Pound US Dollar Volatility Expected as Federal Reserve May Hike Rates

The pound trended lower for a fourth straight session on Tuesday. The pound US dollar exchange rate slipped through $1.30 to a nadir of US$1.2974. However, the pair rebounded off this low managing to finish the session over the key psychological level of US$1.30. Investors will be looking to see whether the pair can hold this level across Wednesday, ahead of the Federal Reserve monetary policy and the Bank of England monetary policy announcement on Thursday.

At the time of writing,  GBP/USD is trading 0.1% lower at US$1.3013

Pound

The pound was under pressure in the previous session following disappointing retail sales data from the Confederation of British Industry (CBI). The latest CBI report showed that retail sales stagnated in December and early January, for a third consecutive month. The report was even more concerning given that it covered the Christmas and holiday shopping period. Analysts are expecting a bounce in consumer confidence following the improved political landscape after December’s election. However, so far, the data hasn’t shown much, if any, evidence of such a bounce.

Recent data has been very mixed. Whilst retail sales have been disappointing, labour market data and PMI figures have been upbeat. Rate cut expectations have come down this week; however, there is still a 50 / 50 chance that the BoE will cut interest rates tomorrow.

Also weighing on demand for sterling is UK’s decision to continue using Huawei for Britain’s 5G network. The controversial decision by Boris Johnson could dash Britain’s chances of securing a quick post Brexit trade deal with US.

Dollar

The mood towards the dollar remained firm in the previous session on safe haven buying, although risk sentiment picked up later in the US session.
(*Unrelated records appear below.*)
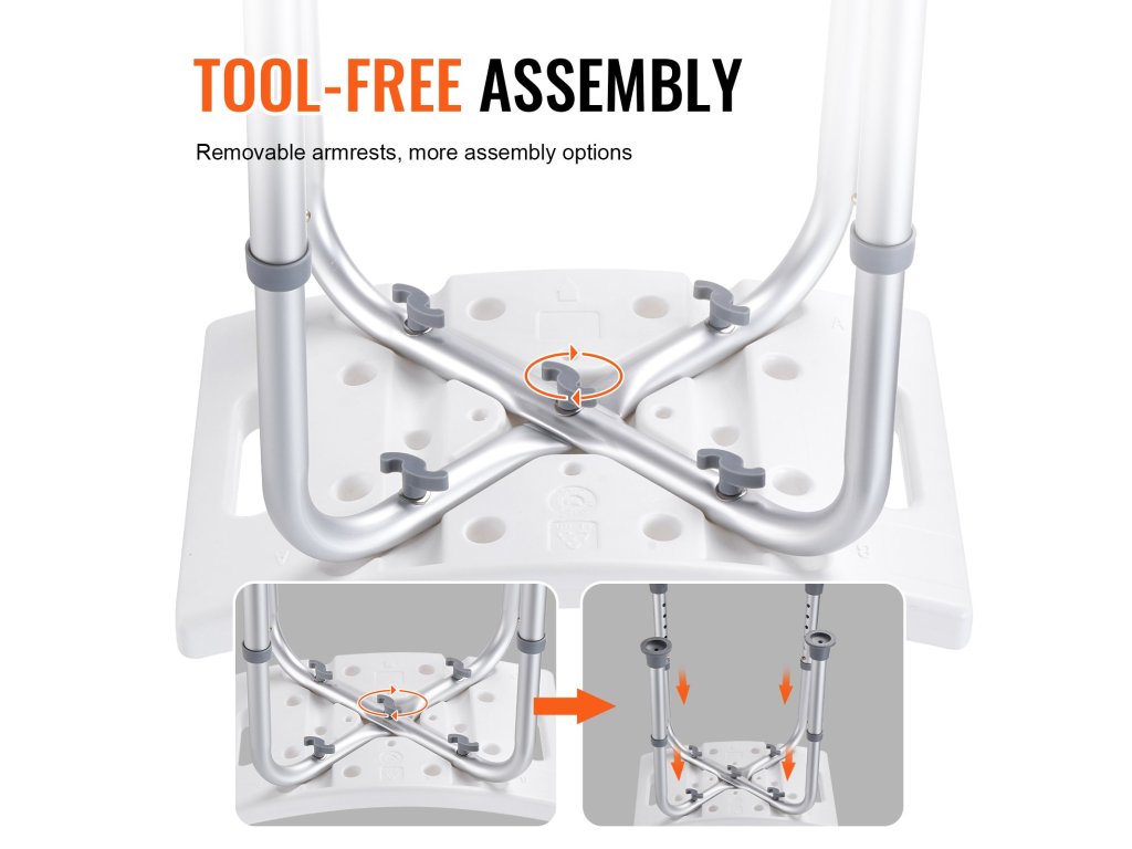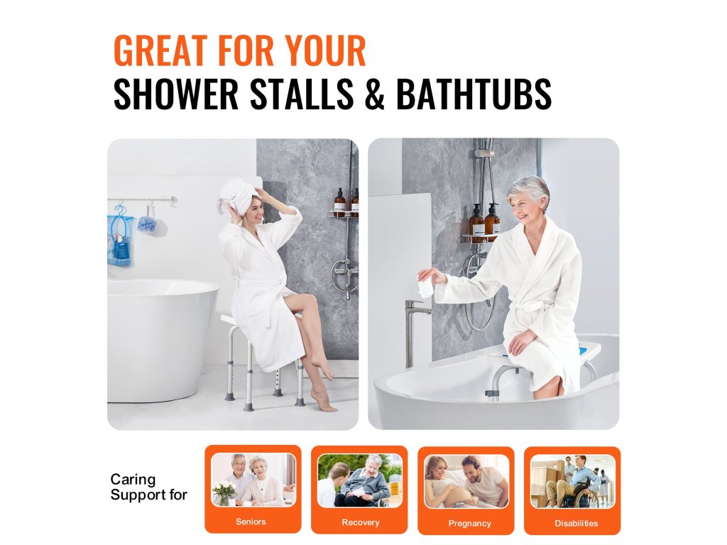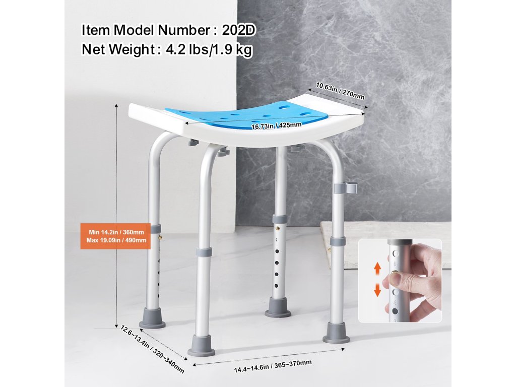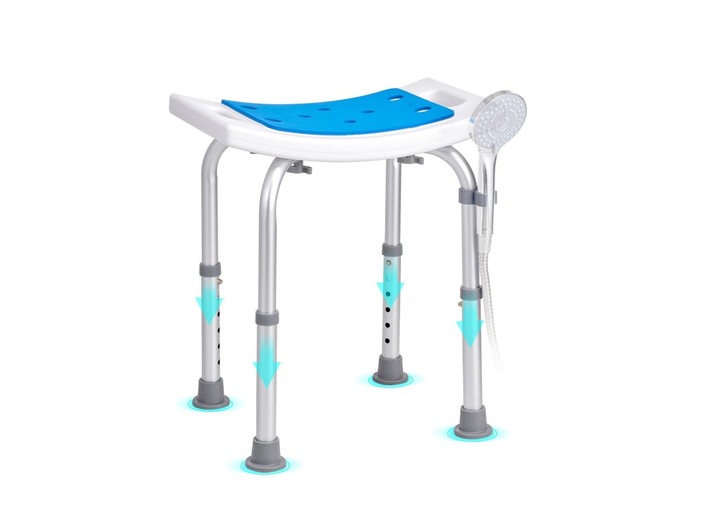 A többszintű magasságállításnak köszönhetően fürdőszékünk különböző magasságú embereknek is megfelel. A gombot a könnyű beállításhoz terveztük. A beépített fogantyúk nagyobb stabilitást biztosítanak Önnek, amikor zuhanyzás közben ráül. Az ívelt ülés a fenékhez igazodik, nagyobb kényelmet biztosítva.
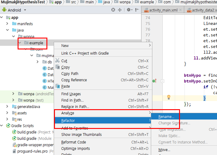 마우스 우측버튼으로 나오는 메뉴에서 Refactor > Rename 클릭합니다.
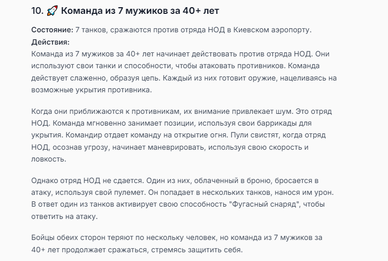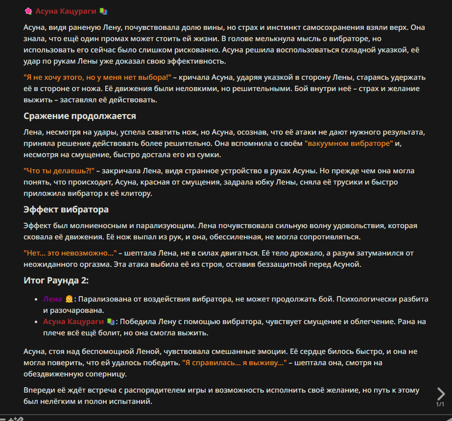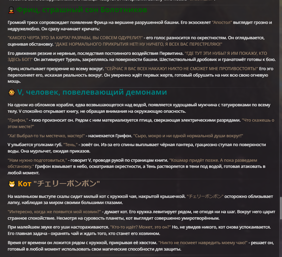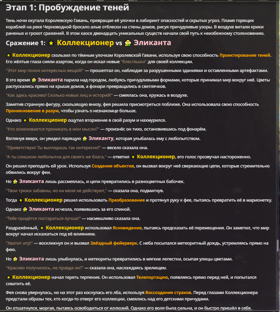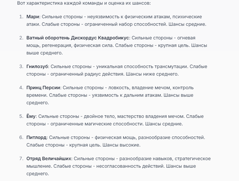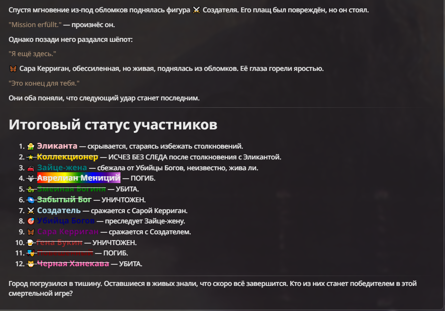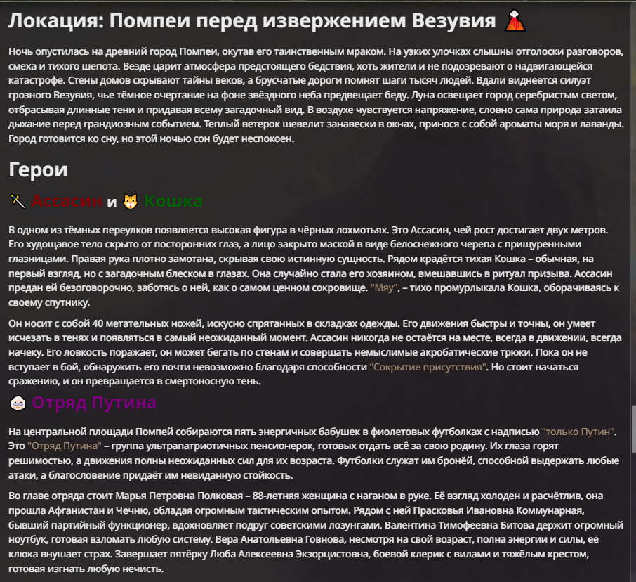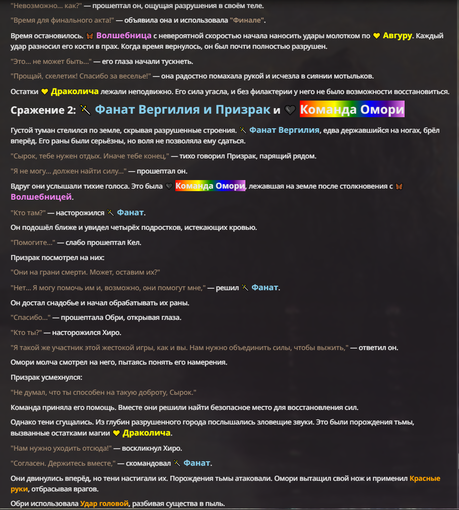 Я ебал аноны. Хуета какая. Гопота проебывает персонажей, путает способности, не может нормально отобразить потери. Чет я не справляюсь, мб промт хуйня, мб версия гопоты не так. Я спать. Приношу извинения что не смог провести нормальных боев и так сильно выебывался на Злокота.
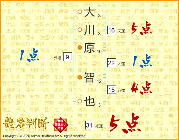 大(3画)川(3画)原(10画) 智(12画)也(3画)
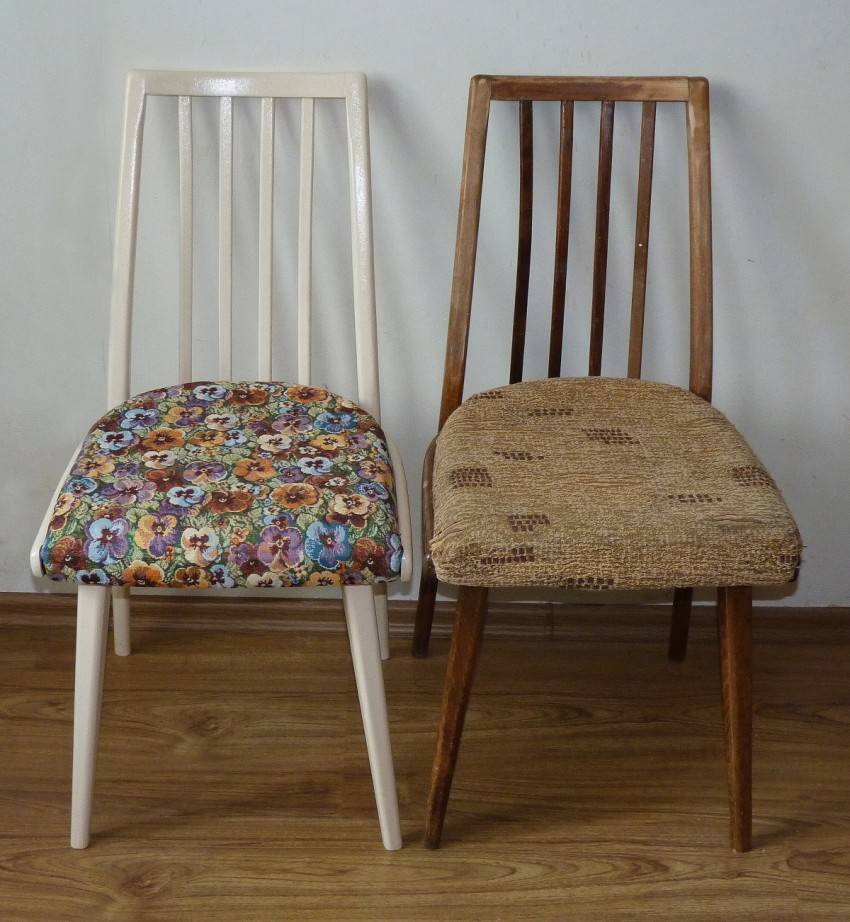 Для восстановления мебели большинство материалов имеются в хозяйстве: поролон, отрезки крепкой ткани и тому подобные элементы. Также стул можно обновить лакокрасочным покрытием, он будет смотреться как только что купленное изделие.
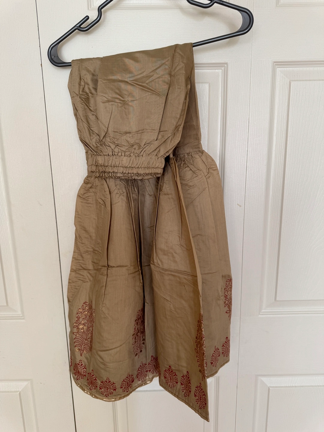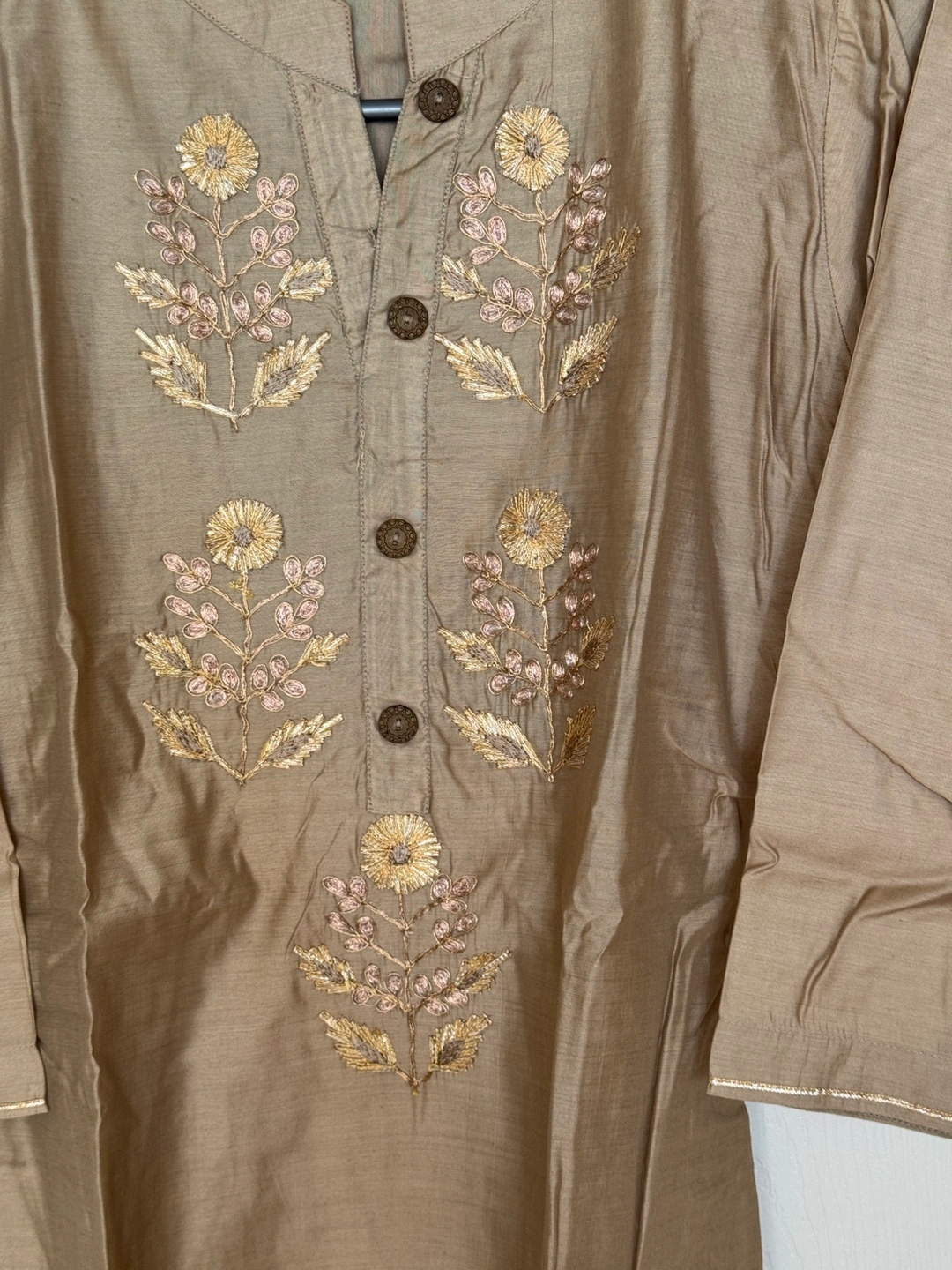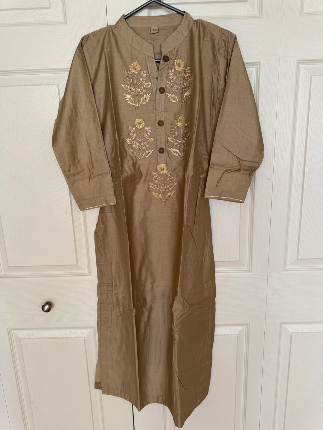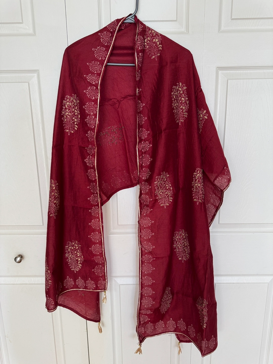Beautiful three-piece set. Kurti features embroidered floral accents. Palazzo pants have a comfortable elastic waistband. Dupatta is a rich maroon colour. Size 40.pickup near dixie and bloor
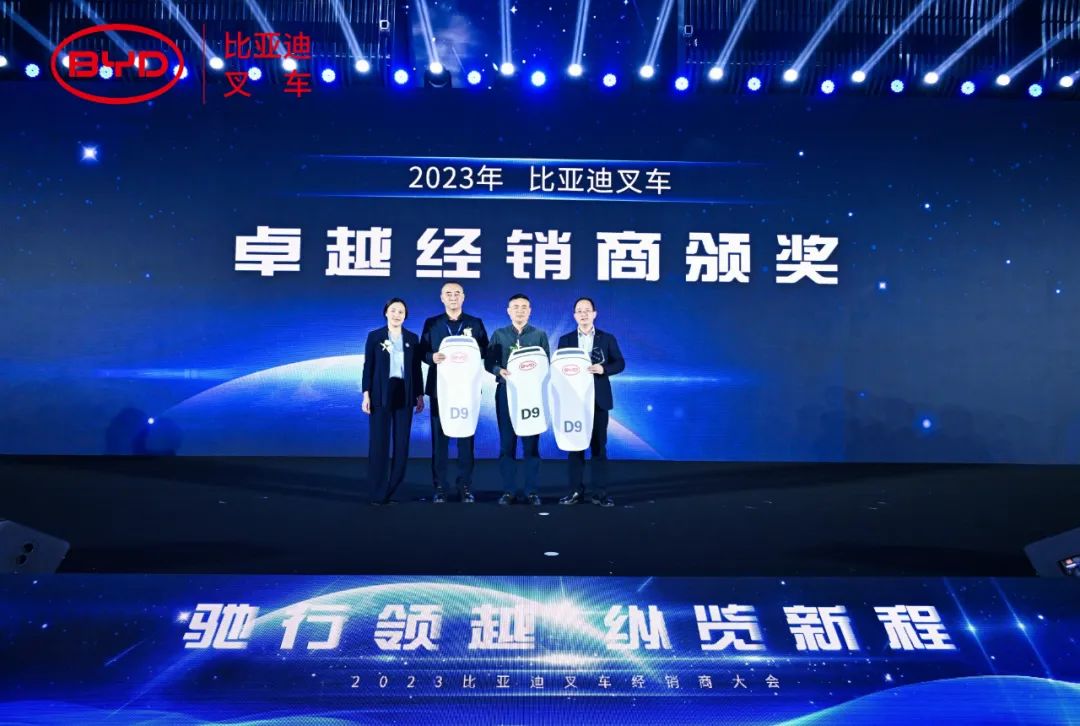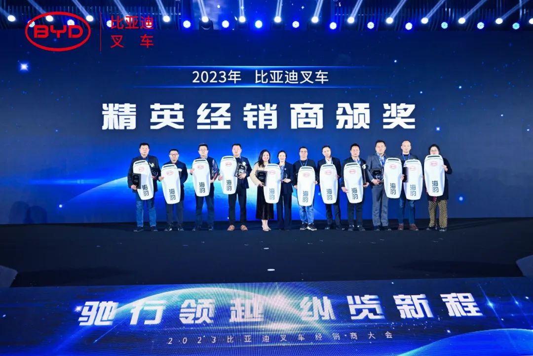 大会同时颁发了非凡经销商奖、卓越经销商奖、精英经销商奖、以及杰出经销商奖,并对在2023年销售业绩表现突出的优秀经销商进行了奖励,以感谢他们对比亚迪叉车发展做出的贡献。
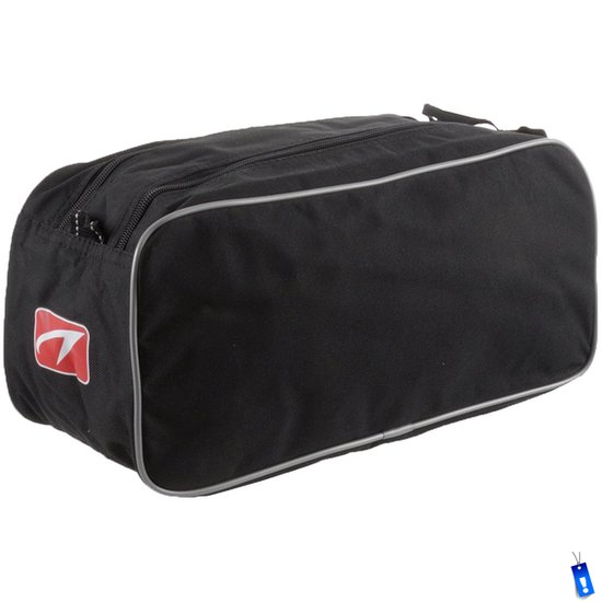 Very sturdy shoe bag suitable for soccer shoes, hiking shoes, running shoes and cycling shoes. This shoe bag has a double zipper on the top, making it very easy to get the shoes in and out of the bag. For protection of the zipper there is a flap with Velcro at the top. The front pocket also has a zipper. The shoe bag has a strong carrying strap and is suitable for 1 pair of shoes up to size 50.
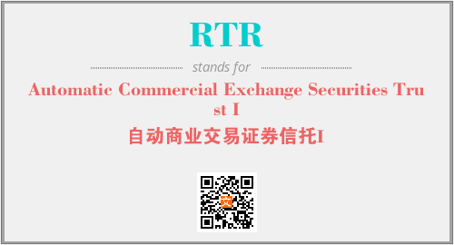 上述内容是“Automatic Commercial Exchange Securities Trust I”作为“RTR”的缩写,解释为“自动商业交易证券信托I”时的信息,以及英文缩略词RTR所代表的英文单词,其对应的中文拼音、详细解释以及在英文中的流行度和相关分类、应用领域及应用示例等。

Investor optimism was on the rise despite worrying statistics with the US stock markets closing in positive territory. US data flow also surprised to the upside. US durable goods orders increased 2.4% month on month in December and US consumer confidence also climbed higher than forecast to 131.6 in January.

Attention will now turn to the Federal Reserve which is due to give its monetary policy announcement later today. The Fed are not expected to adjust monetary policy, with most officials deeming that risks are balanced, and monetary policy is appropriate following three rate cuts over the summer. According to the CME Fedwatch investors are pricing in a 60% chance of rates being kept on hold, 27% probability of a rate cut and 13% chance of rate hike in today’s meeting.

What do these figures mean?
When measuring the value of a pair of currencies, one set equals 1 unit and the other shows the current equivalent. As the market moves, the amount will vary from minute to minute.

For example, it could be written:

1 GBP = 1.28934 USD

Here, £1 is equivalent to approximately $1.29. This specifically measures the pound’s worth against the dollar. If the US dollar amount increases in this pairing, it’s positive for the pound.

Or, if you were looking at it the other way around:

1 USD = 0.77786 GBP

In this example, $1 is equivalent to approximately £0.78. This measures the US dollar’s worth versus the British pound. If the sterling number gets larger, it’s good news for the dollar.